Dua tahun usai kepergian ayahnya, pihak keluarga bermufakat serta memutuskan agar kuota haji atas nama almarhum dialihkan kepada Latifa. Namun, rencana itu buyar, setelah mengetahui salah satu syarat untuk menunaikan ibadah haji, saat itu ialah minimal berusia 18 tahun, sementara Latifa tidak memenuhi persyaratan tersebut.
"Dulu, pada 2023 memang sempat ingin naik haji, tapi waktu itu umur saya belum cukup," kata Lala, sapaan akrabnya.
Panggilan spiritual itu akhirnya tiba pada musim haji 1447 Hijriah, seiring dengan adanya perubahan usia minimum bagi jamaah calon haji dalam aturan yang dikeluarkan Kementerian Haji dan Umrah (Kemenhaj).

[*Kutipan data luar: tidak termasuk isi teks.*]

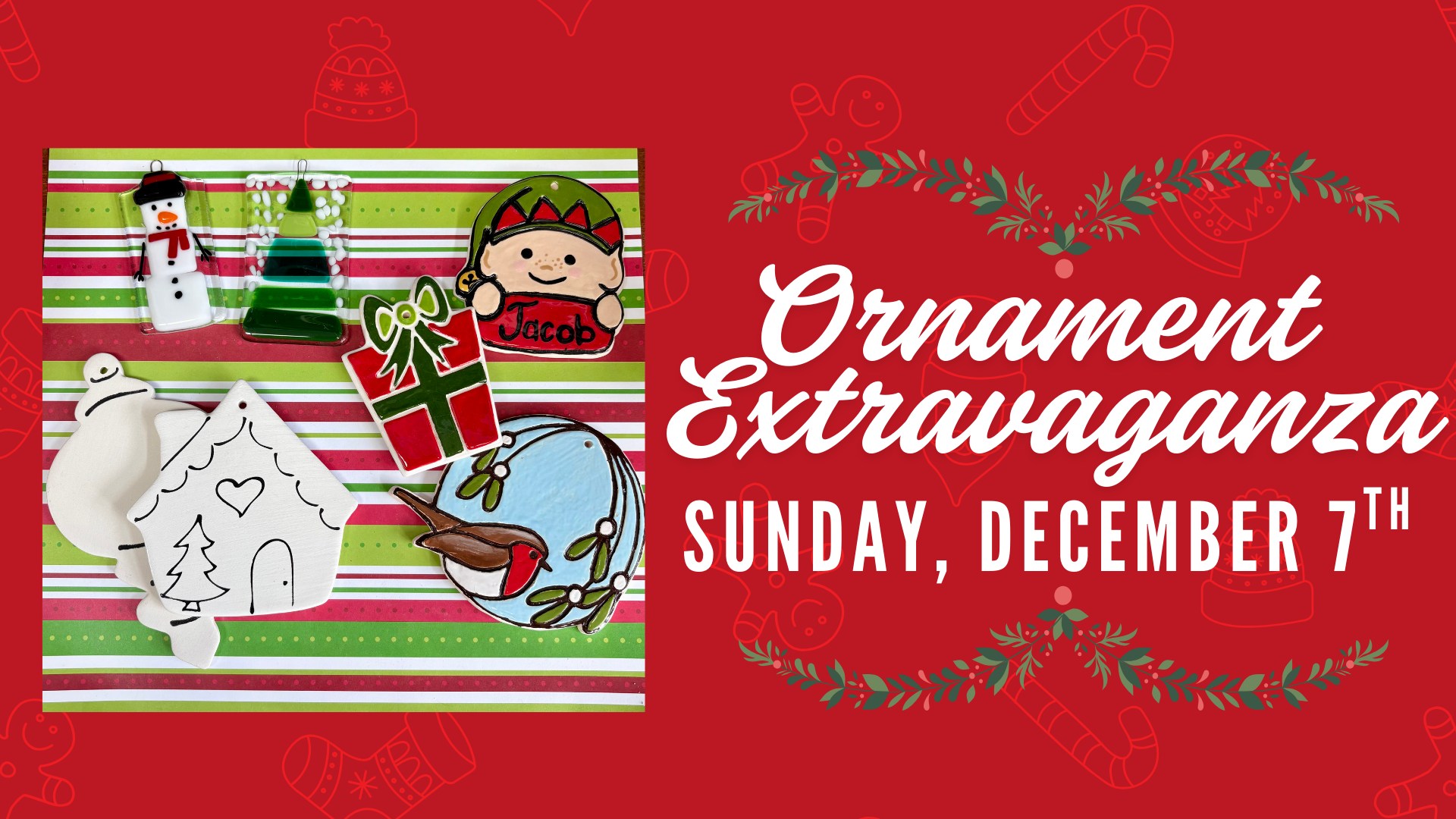 Join us at the Polka Dot Pot in Old Town Winchester to create your own glass or clay ornament. If you’d like to create outside of the studio, grab a to-go kit and bring it back to be fired! This is one of your last chances to create lasting memories at our studio this holiday season, don’t miss it!
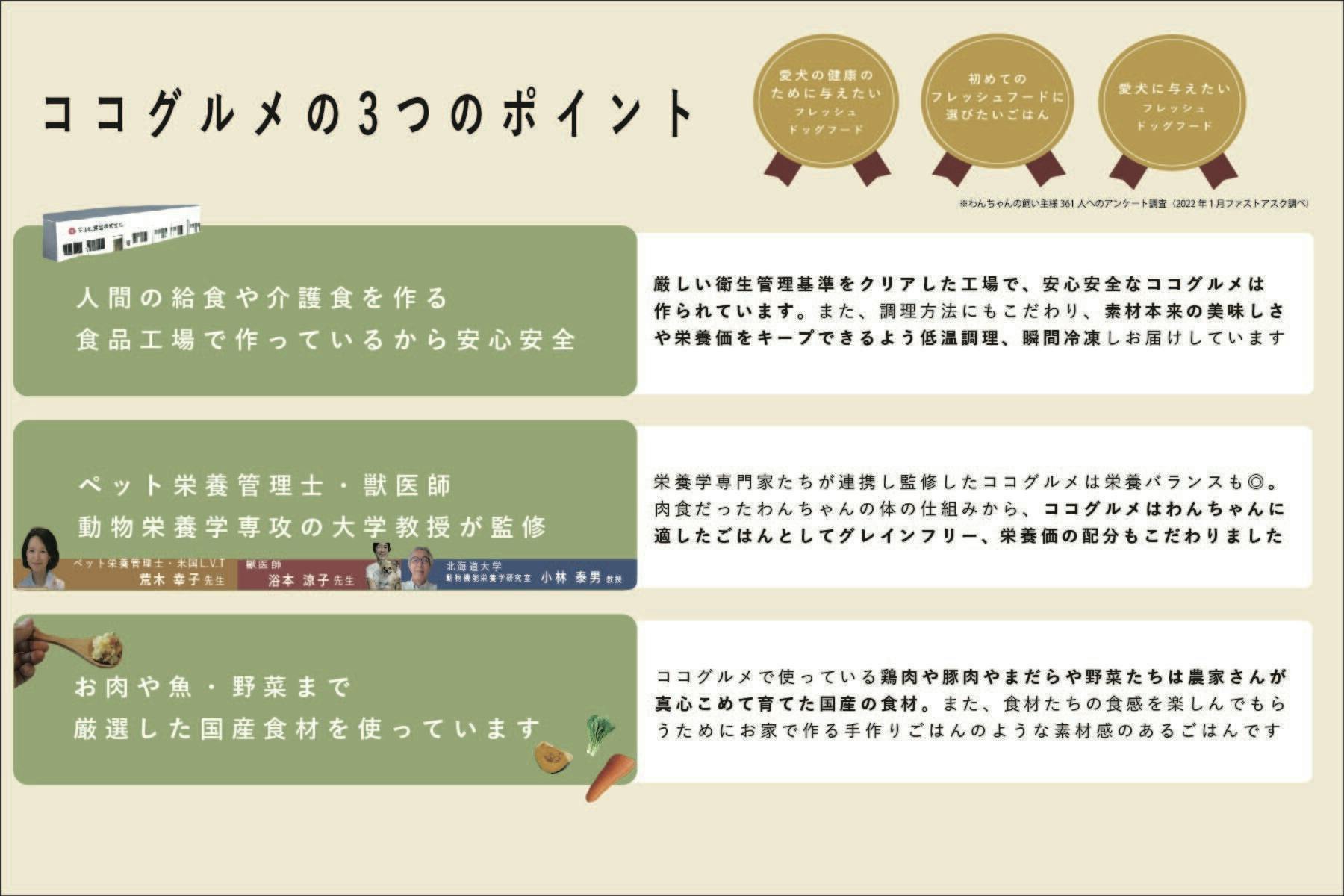 おかげさまでココグルメは3周年を迎え、会員数はフレッシュフードNo.1(※1)まで成長することができ、より多くの方にお届けできるように工場の拠点を増やすまでになりました。

Lala resmi tercatat sebagai calon haji asal Kota Padang yang tergabung pada kelompok terbang (kloter) pertama. Ia sekaligus menjadi calon jamaah haji termuda dari Sumbar yang diberangkatkan pada musim haji 2026 berdasarkan catatan dari Kantor Wilayah Kemenhaj provinsi setempat.
Sebelum bertolak ke Tanah suci, Lala bercerita bahwa ia tidak pernah menyangka akan menunaikan rukun islam kelima itu bersama ibundanya. Ia bahkan telah mengikhlaskan kuota almarhum sang ayah agar diisi oleh saudaranya yang lain, usai gagal berangkat pada 2023.
Menurut dia, terdapat beberapa pertimbangan, sebelum memutuskan untuk melaksanakan ibadah haji tahun ini. Mulanya, ia mendorong agar kakak keduanya yang berangkat haji. Hal ini dikarenakan saudaranya lebih mengerti tentang sikap dan kepribadian sang ibu.
Akan tetapi, ketiga saudaranya kembali bersepakat bahwa si bungsulah yang lebih tepat untuk berangkat haji bersama orang tuanya. Meskipun ada rasa haru yang tak bisa disembunyikan, Lala tetap menyimpan kesedihan, sebelum bertolak ke tanah suci.
Di lubuk hatinya, Lala masih kerap membayangkan bahwa seharusnya ayahnyalah yang berangkat haji bersama sang ibu. Namun, takdir telah ditetapkan, di mana Tuhan memilihnya untuk mendampingi ibunda menatap Ka'bah.
"Aku bersyukur diberikan kesempatan sebesar ini sama Allah," ucapnya.
Meskipun masih tergolong sangat muda, ia mengaku sudah melakukan sejumlah persiapan, sebelum menunaikan ibadah haji. Selain rutin berolahraga, seperti joging bersama ibunya, ia juga melihat serta mempelajari rangkaian ibadah haji melalui berbagai platform digital.
Tak hanya itu, ia juga mendapatkan pemahaman dari ibunda terkait kondisi Makkah dan Madinah, sebab, sebelumnya sang ibu pernah menunaikan ibadah umrah.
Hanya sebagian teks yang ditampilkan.